Coming up the bay beside Nadeau, one of the larger of the thirty thousand islands that are scattered along this rugged shore, the Metamora was towing a boom destined for the mill town of Byng Inlet. Just west of Turning Island, a nearly treeless rock now outfitted with a solar-powered light, the boat hit a shoal, listed and caught fire. Like many wooden boats of her vintage, she quickly burned and sank, coming to rest on the submerged reef that rises and dips from a point off our island.
The crew reportedly made an easy swim of it to the nearby shore. Some of them must have sat on the smooth, undulating rock at our point -- the place my family calls Pirate’s Cove -- breathing heavily, watching the flames gorge on the hull of their ship.
Only the stern section of the 115-foot boat survived the fire, and the rudder, steam engine and propeller remained largely intact. For many years afterward the charred wooden hull rose above the waterline, drawing scavengers and sightseers in wooden rowboats and skiffs. Today, it’s only the boiler you can see, a green and black channel marker secured to the rusting metal, and when the water is especially low a set of wooden ribs, looking from a distance like a family of wood ducks floating in a row. Each summer the Coast Guard paints the boiler white, a warning to those who pass by. One year, someone attached three garden gnomes to the metal. They appeared to be marching single file out of the water. Their goofy grins and droopy hats made The Wreck seem benign, silly even, but if you go up close, peer through the undulating water, try to make sense of the garbled remains, it is menacing: a rusted, rotting tangle of metal and wood.
The other shipwreck that lurks on the edge of my imagination is of the same vintage. It, too, sank on Georgian Bay. It was even similar in design and size to the Metamora. But the J. H. Jones has a more tragic story. All thirty passengers and crew died, drowned in the frigid fall waters of late November 1906. The wreck and the bodies trapped inside were never found.
The story of the Jones is also a more personal one for me. My great-grandfather, James Victor Crawford, was the captain. My mother’s mother, Eleanor, was the youngest of his six children.

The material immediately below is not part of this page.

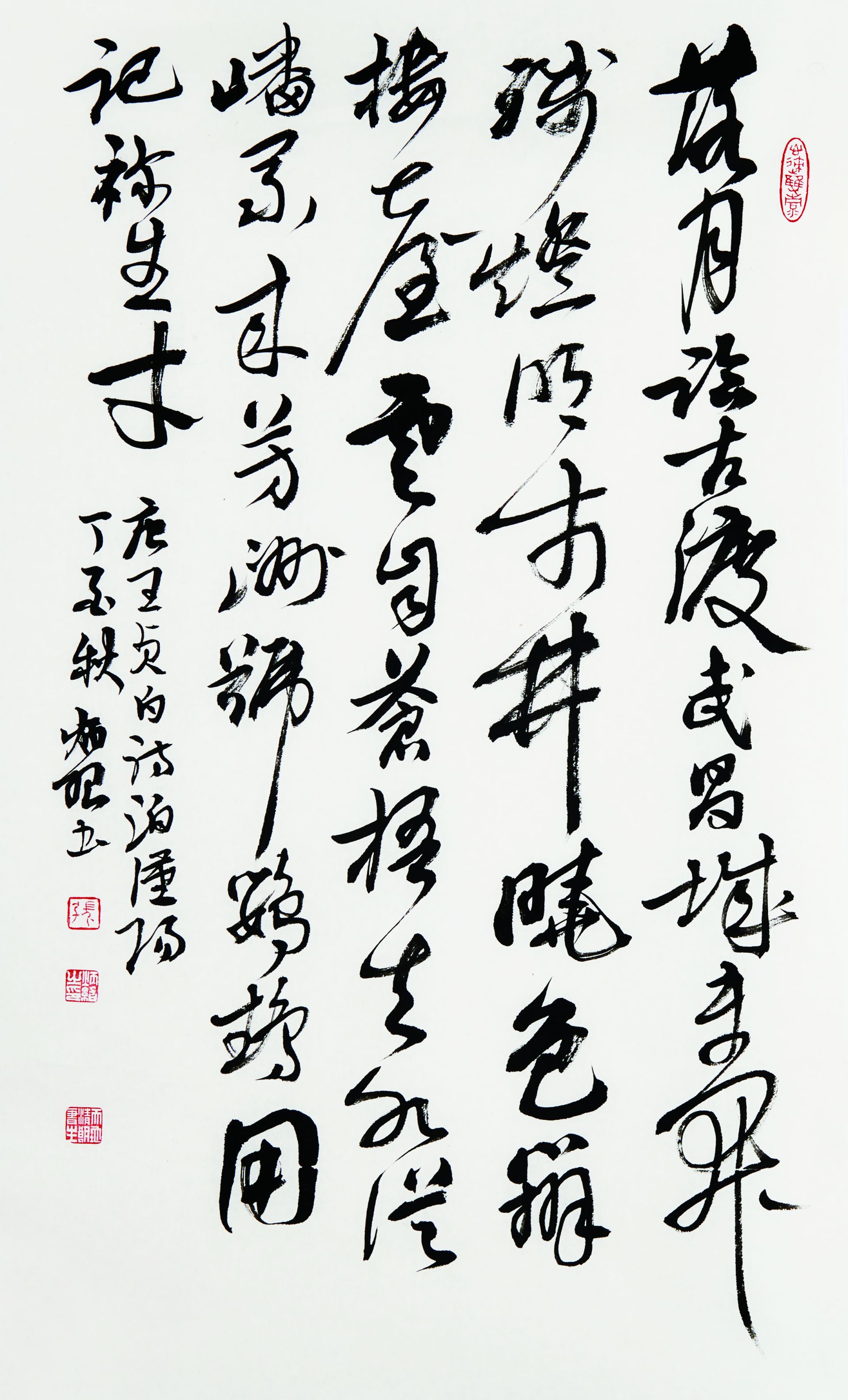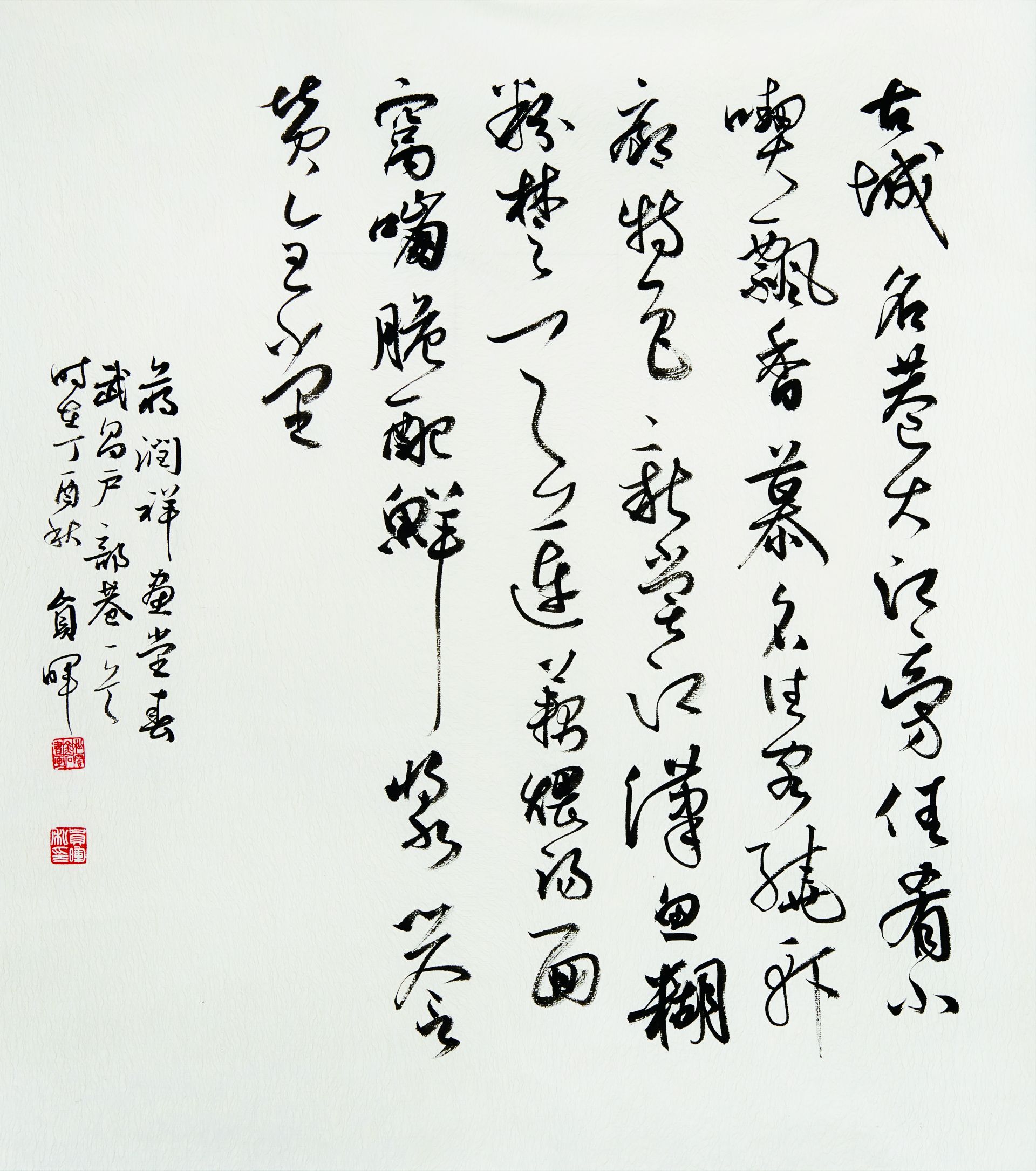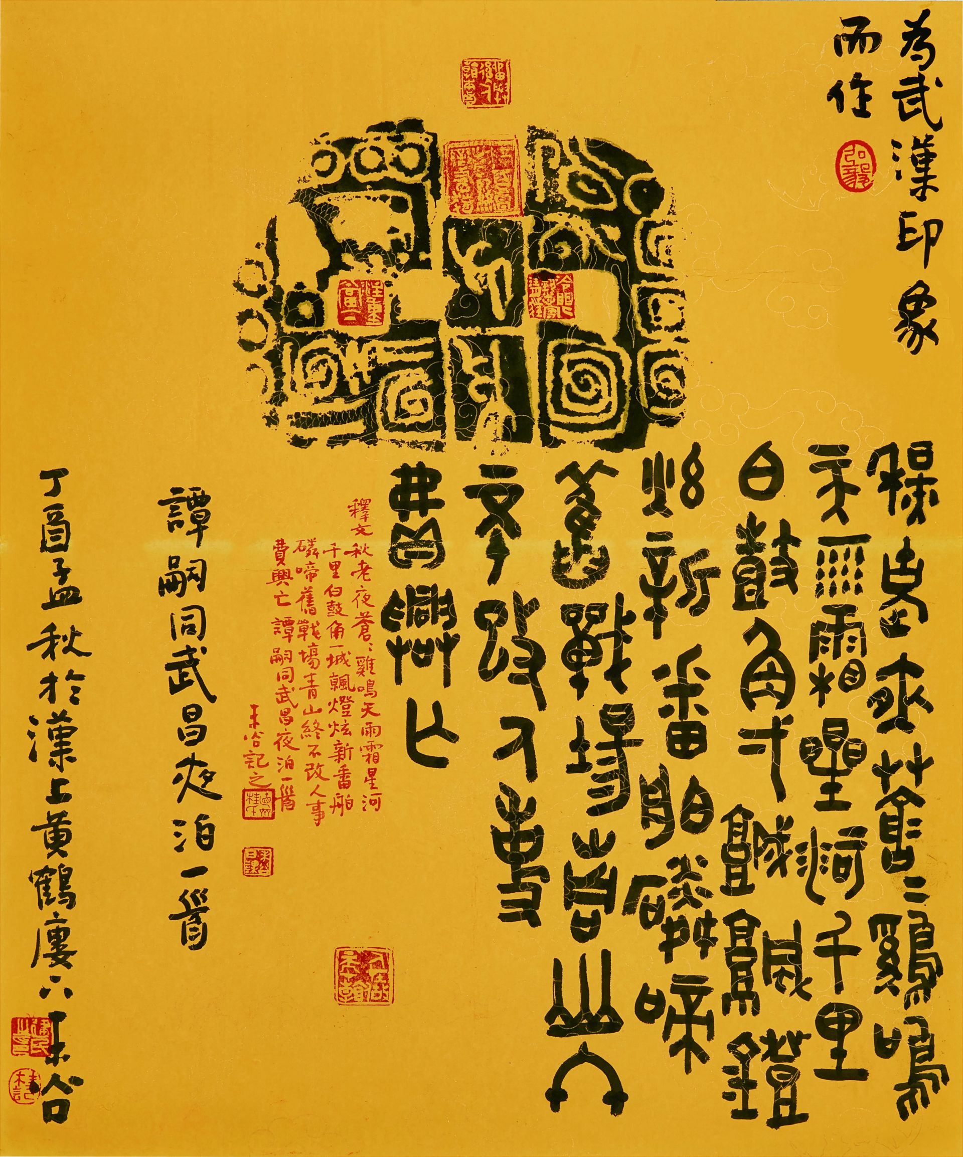 民以食为天,此诗以荆楚小吃为主线,展开了一幅美好武汉的画卷,为了更好地展现食、色、声、香,作者用“云头艳”浓墨,在开篇“古城”二字上施以重墨,突出强调了武汉的历史地位,利用行草表示手法在“鱼鲜糊粉”“楚天莲藕煨汤”“面窝嘣脆”的节奏和墨色浓淡上尽力表现。特别是最后一句,以草法为主,让人有一饮而尽,畅快淋漓之感,也进一步突出了武汉人的个性,同时彰显了武汉这个历史名城的飞速发展。

When I was growing up I used to beg my mother to tell me what she knew about this wreck. She would assume the lilting, resonant voice that I recognized from having books read out loud at bedtime. The story of the lost boat seemed to flow from her with the cadence of a familiar song: details were fuzzy, unimportant. Over the years, she perfected her story. I knew when her voice would rise and when it would fall, what would be glossed over, what part would be embellished just a bit differently each time.
Her storytelling always began with the boat: how it was the last trip of a blustery fall season; how the waves were reported to be quivering towers, twenty-five feet high. But we both understood that the tale of the wreck was only the warm-up. That other story of loss -- the play of hope and despair in the Crawfords’ cramped red-brick home as they waited for news of the missing boat; the creak of the door as someone came to tell the captain’s wife and children that the Jones was definitely lost; the whispers and rumours in the streets and sitting rooms of their small town; the pall cast over the young family; the smells, the cracks and fears and shame -- is what interested my mother, and what captivated me. I wanted to hear how the tragedy affected my much-loved grandmother. I wanted to hear about the girl she had been.